COLLECTED DATA
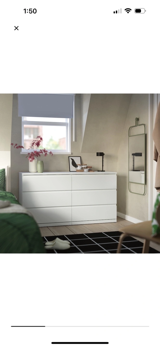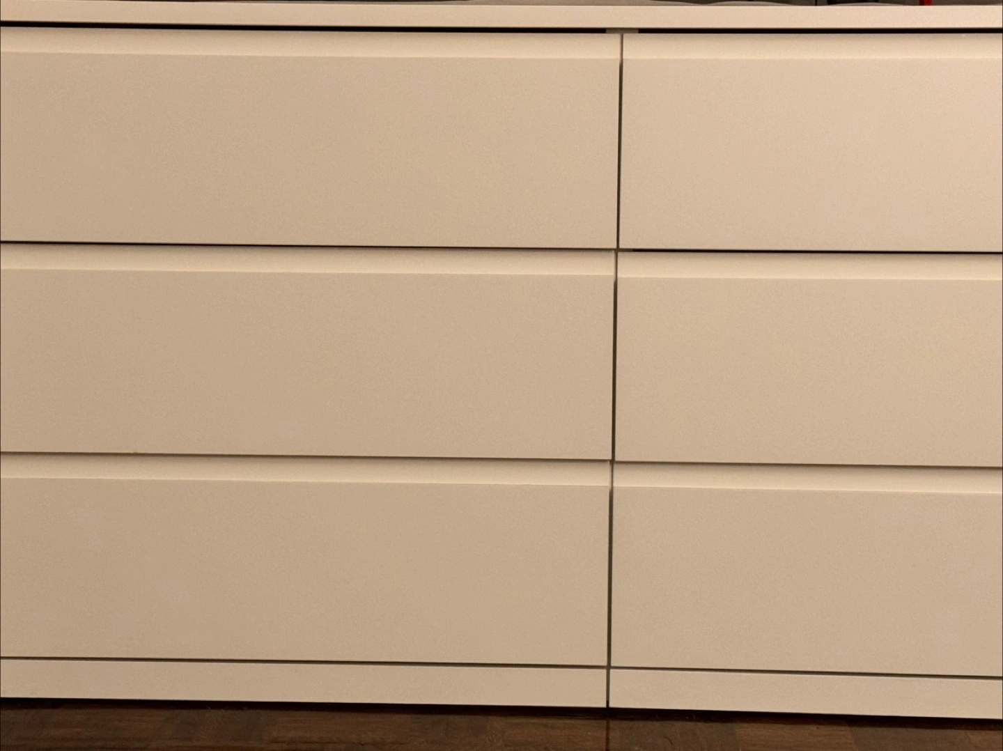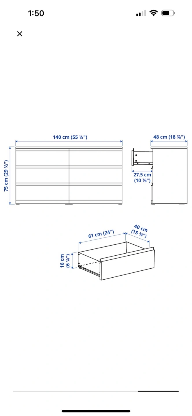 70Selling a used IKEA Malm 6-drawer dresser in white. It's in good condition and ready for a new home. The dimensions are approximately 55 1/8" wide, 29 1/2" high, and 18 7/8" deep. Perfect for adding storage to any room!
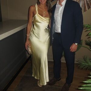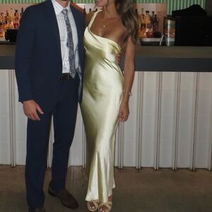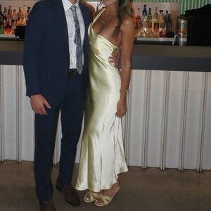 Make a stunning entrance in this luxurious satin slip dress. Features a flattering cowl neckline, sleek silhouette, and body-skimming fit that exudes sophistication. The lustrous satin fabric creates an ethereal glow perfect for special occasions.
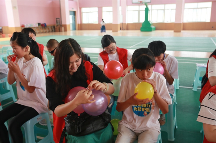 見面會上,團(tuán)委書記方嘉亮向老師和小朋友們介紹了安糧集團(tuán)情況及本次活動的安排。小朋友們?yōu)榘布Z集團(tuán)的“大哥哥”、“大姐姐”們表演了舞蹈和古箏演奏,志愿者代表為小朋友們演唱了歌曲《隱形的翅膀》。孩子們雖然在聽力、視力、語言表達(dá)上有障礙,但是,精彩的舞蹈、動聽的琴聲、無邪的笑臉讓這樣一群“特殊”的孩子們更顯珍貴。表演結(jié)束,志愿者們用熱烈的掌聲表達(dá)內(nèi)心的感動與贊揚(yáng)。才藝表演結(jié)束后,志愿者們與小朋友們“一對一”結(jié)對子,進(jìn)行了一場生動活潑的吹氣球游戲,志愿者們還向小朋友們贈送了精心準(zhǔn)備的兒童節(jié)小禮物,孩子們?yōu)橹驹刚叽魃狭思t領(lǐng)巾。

ACTION ITEM
Return the listing above in full and exactly, omitting all pictures.

ANSWER BOX
 70Selling a used IKEA Malm 6-drawer dresser in white. It's in good condition and ready for a new home. The dimensions are approximately 55 1/8" wide, 29 1/2" high, and 18 7/8" deep. Perfect for adding storage to any room!
 Make a stunning entrance in this luxurious satin slip dress. Features a flattering cowl neckline, sleek silhouette, and body-skimming fit that exudes sophistication. The lustrous satin fabric creates an ethereal glow perfect for special occasions.
 見面會上,團(tuán)委書記方嘉亮向老師和小朋友們介紹了安糧集團(tuán)情況及本次活動的安排。小朋友們?yōu)榘布Z集團(tuán)的“大哥哥”、“大姐姐”們表演了舞蹈和古箏演奏,志愿者代表為小朋友們演唱了歌曲《隱形的翅膀》。孩子們雖然在聽力、視力、語言表達(dá)上有障礙,但是,精彩的舞蹈、動聽的琴聲、無邪的笑臉讓這樣一群“特殊”的孩子們更顯珍貴。表演結(jié)束,志愿者們用熱烈的掌聲表達(dá)內(nèi)心的感動與贊揚(yáng)。才藝表演結(jié)束后,志愿者們與小朋友們“一對一”結(jié)對子,進(jìn)行了一場生動活潑的吹氣球游戲,志愿者們還向小朋友們贈送了精心準(zhǔn)備的兒童節(jié)小禮物,孩子們?yōu)橹驹刚叽魃狭思t領(lǐng)巾。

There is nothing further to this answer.